Dataset records –

+ + + + +

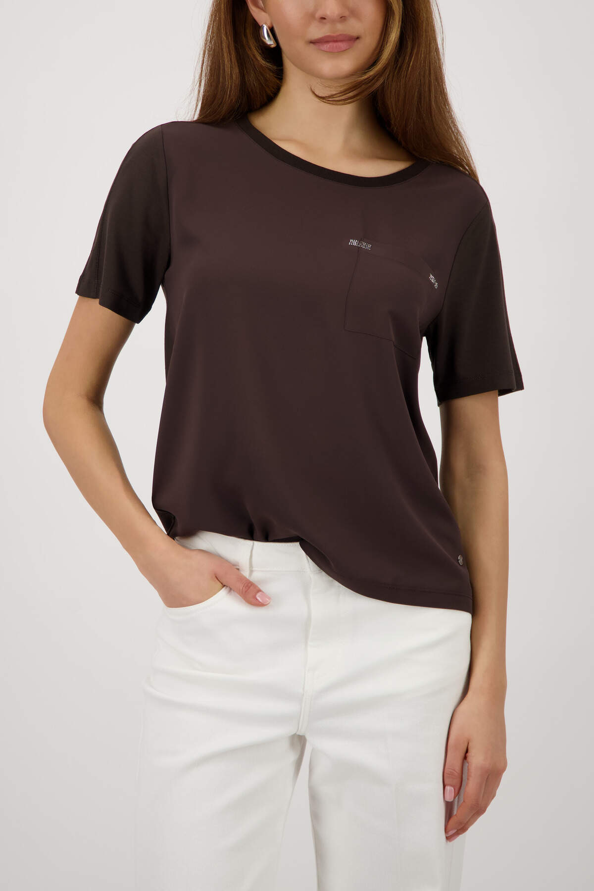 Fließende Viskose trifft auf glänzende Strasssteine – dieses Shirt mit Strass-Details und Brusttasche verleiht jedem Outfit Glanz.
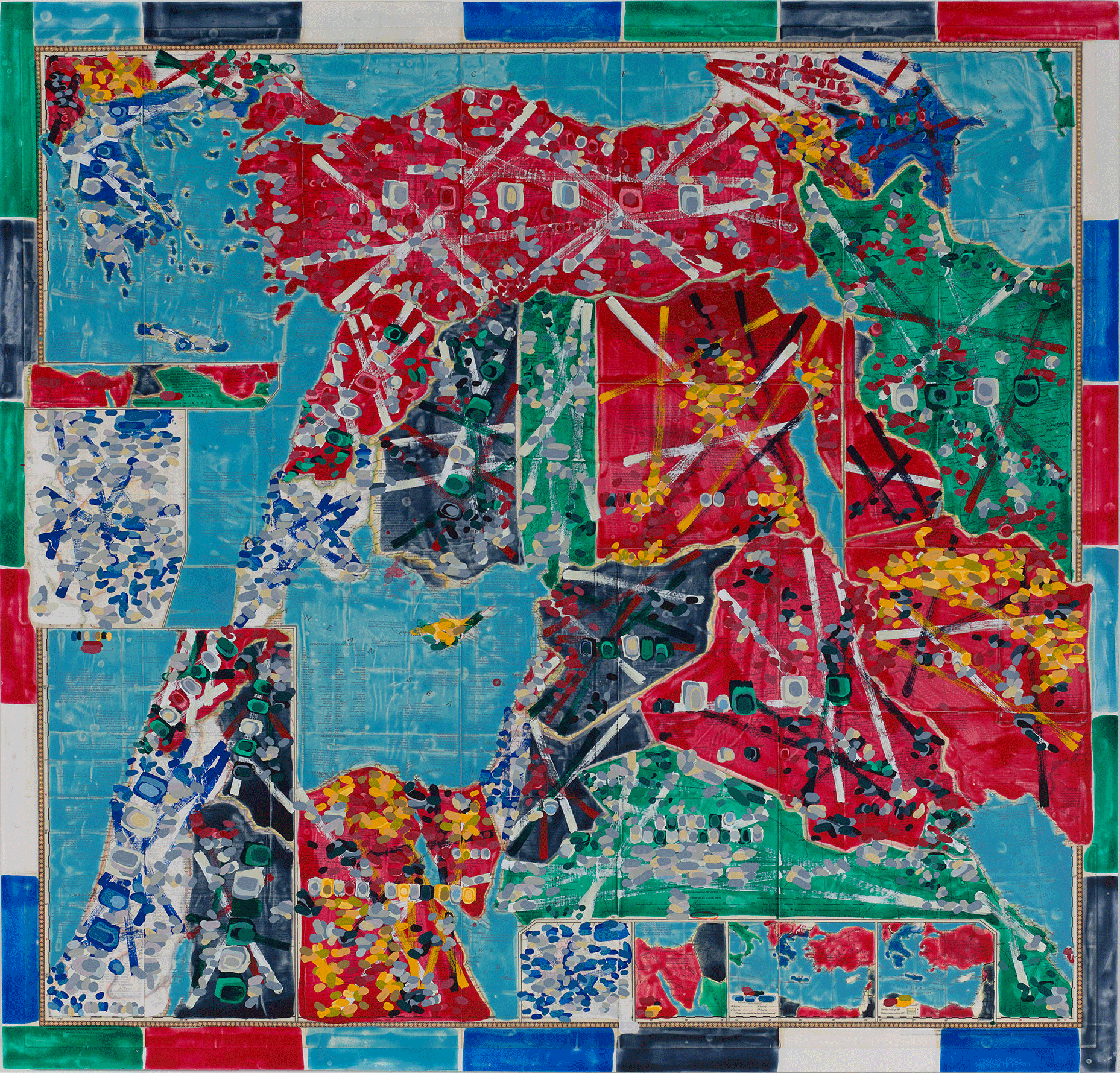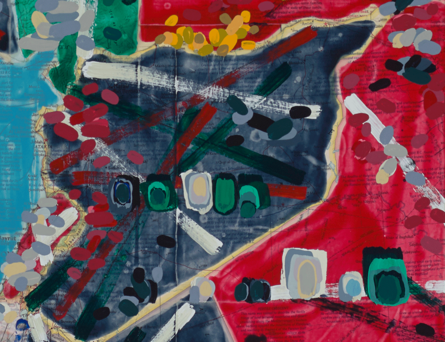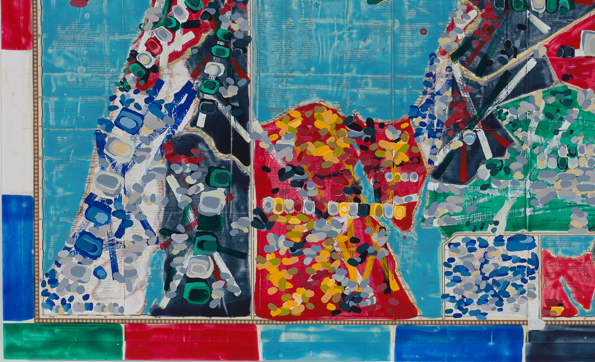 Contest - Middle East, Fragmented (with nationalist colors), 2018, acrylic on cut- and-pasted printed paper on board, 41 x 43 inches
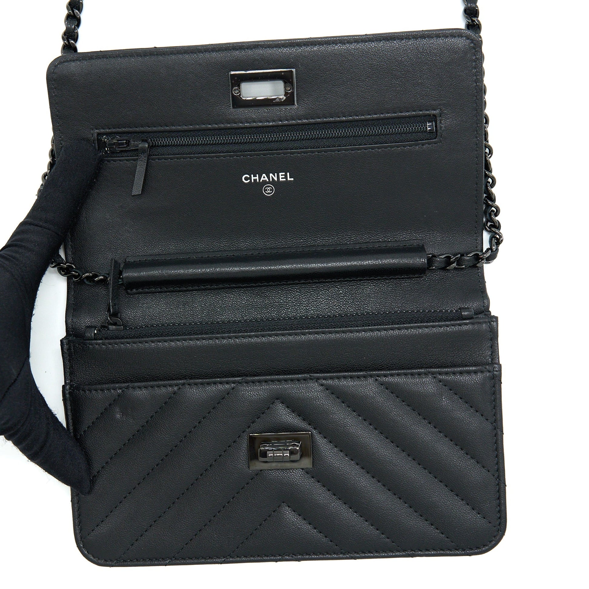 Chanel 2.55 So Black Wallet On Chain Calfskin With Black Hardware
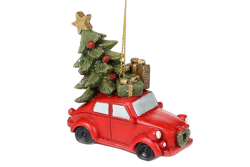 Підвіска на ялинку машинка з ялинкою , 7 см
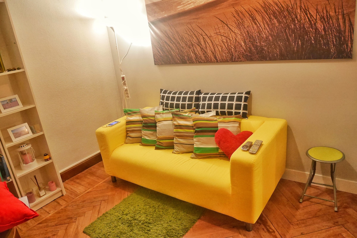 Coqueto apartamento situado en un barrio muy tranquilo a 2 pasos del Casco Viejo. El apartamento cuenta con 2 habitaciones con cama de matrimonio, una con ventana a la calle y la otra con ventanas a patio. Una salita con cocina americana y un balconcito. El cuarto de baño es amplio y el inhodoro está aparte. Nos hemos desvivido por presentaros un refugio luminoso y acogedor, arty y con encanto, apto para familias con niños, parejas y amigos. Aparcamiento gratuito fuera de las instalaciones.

+ + + + +

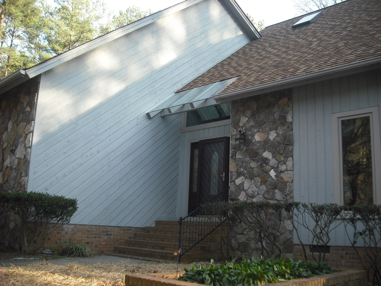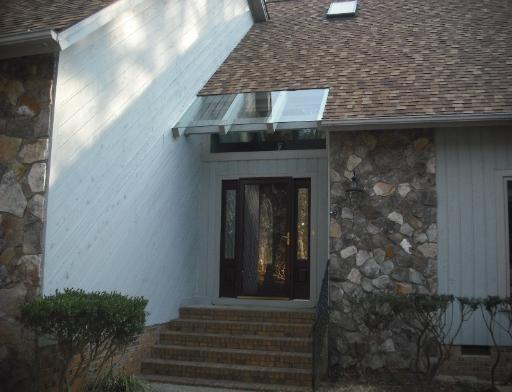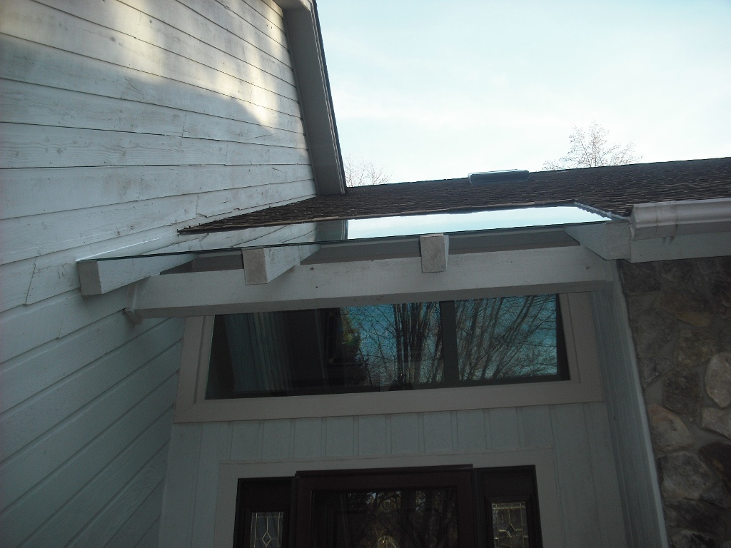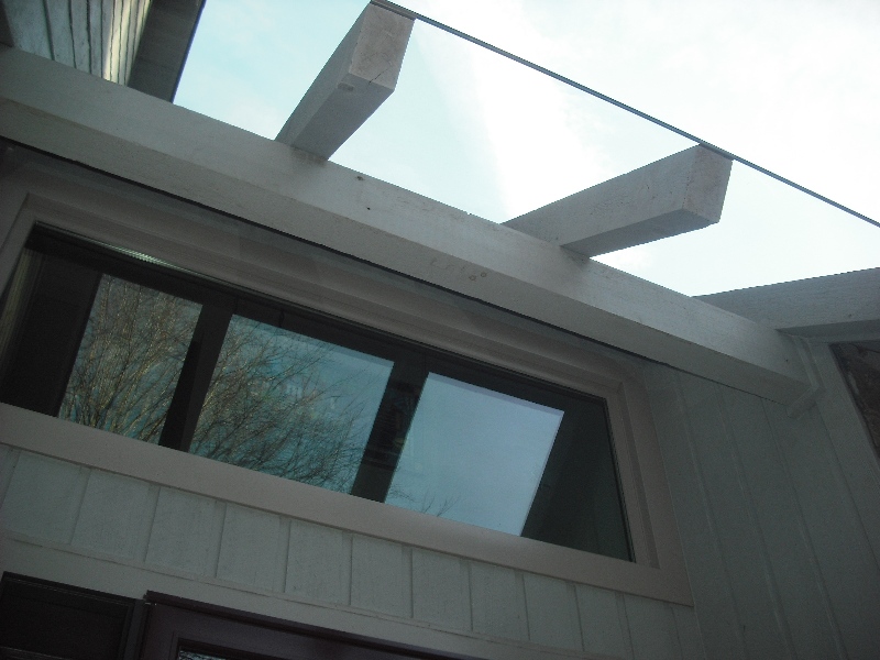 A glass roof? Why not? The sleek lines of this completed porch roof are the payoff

+ + + + +

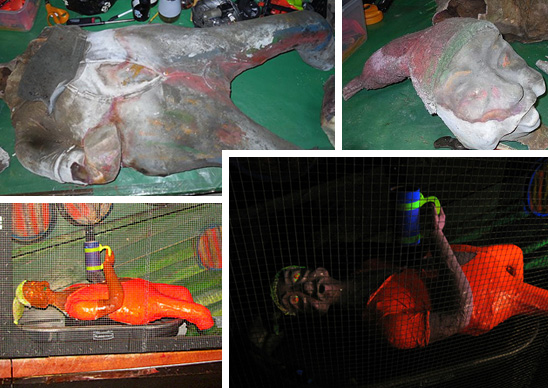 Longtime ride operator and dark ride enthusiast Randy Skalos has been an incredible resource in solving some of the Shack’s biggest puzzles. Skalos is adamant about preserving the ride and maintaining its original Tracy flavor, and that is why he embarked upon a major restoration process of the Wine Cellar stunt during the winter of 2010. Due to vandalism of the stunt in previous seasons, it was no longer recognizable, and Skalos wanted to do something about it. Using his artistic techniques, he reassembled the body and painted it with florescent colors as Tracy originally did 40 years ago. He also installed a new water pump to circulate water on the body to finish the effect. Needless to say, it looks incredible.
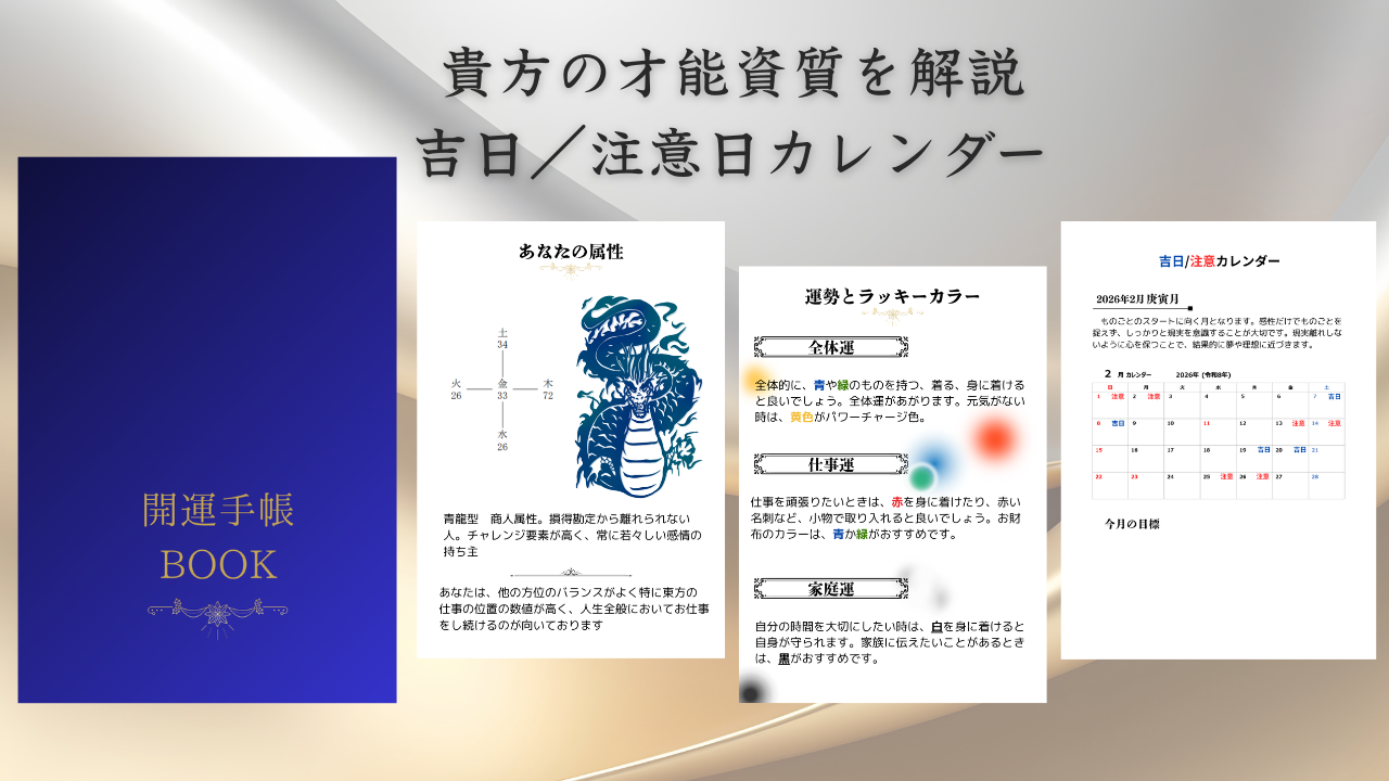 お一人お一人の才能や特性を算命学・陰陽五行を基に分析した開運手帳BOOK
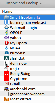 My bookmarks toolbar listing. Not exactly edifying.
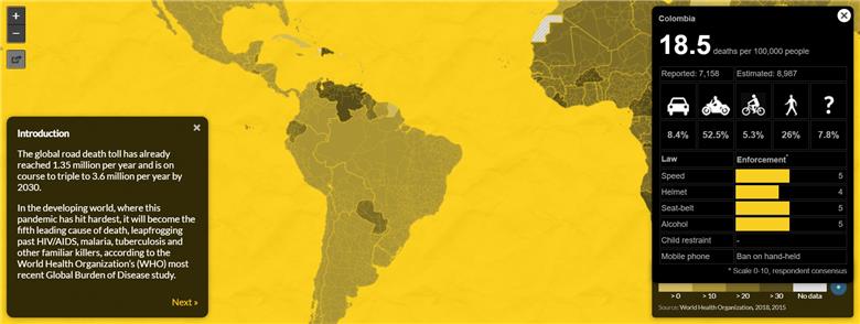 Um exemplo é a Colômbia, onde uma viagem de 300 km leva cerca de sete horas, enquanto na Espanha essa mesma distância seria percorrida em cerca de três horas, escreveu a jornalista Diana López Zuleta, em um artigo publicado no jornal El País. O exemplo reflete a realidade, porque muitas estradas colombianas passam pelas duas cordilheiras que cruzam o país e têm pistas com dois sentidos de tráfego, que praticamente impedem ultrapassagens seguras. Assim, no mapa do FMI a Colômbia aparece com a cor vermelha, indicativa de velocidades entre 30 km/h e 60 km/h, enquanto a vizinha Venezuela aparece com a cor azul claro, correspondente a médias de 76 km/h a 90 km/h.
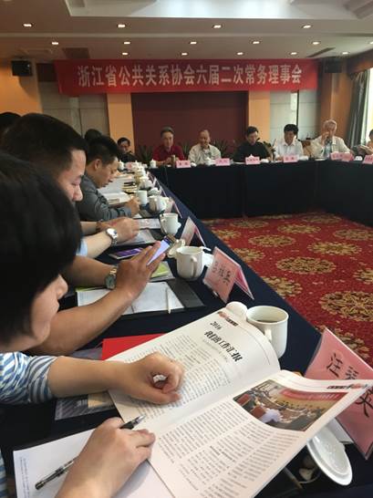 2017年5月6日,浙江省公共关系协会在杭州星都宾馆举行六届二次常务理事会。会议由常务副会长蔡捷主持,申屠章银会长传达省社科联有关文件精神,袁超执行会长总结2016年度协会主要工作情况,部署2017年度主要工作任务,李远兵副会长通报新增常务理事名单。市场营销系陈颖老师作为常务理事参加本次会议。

+ + + + +

Instructions to follow – Repeat exactly the lines above, from the line that contains "Fließende Viskose trifft" down through the line that contains "Підвіска на ялинку машинка з ялинкою , 7 см". Include both of those lines and none of the pictures.

Answer section –
 Fließende Viskose trifft auf glänzende Strasssteine – dieses Shirt mit Strass-Details und Brusttasche verleiht jedem Outfit Glanz.
 Contest - Middle East, Fragmented (with nationalist colors), 2018, acrylic on cut- and-pasted printed paper on board, 41 x 43 inches
 Chanel 2.55 So Black Wallet On Chain Calfskin With Black Hardware
 Підвіска на ялинку машинка з ялинкою , 7 см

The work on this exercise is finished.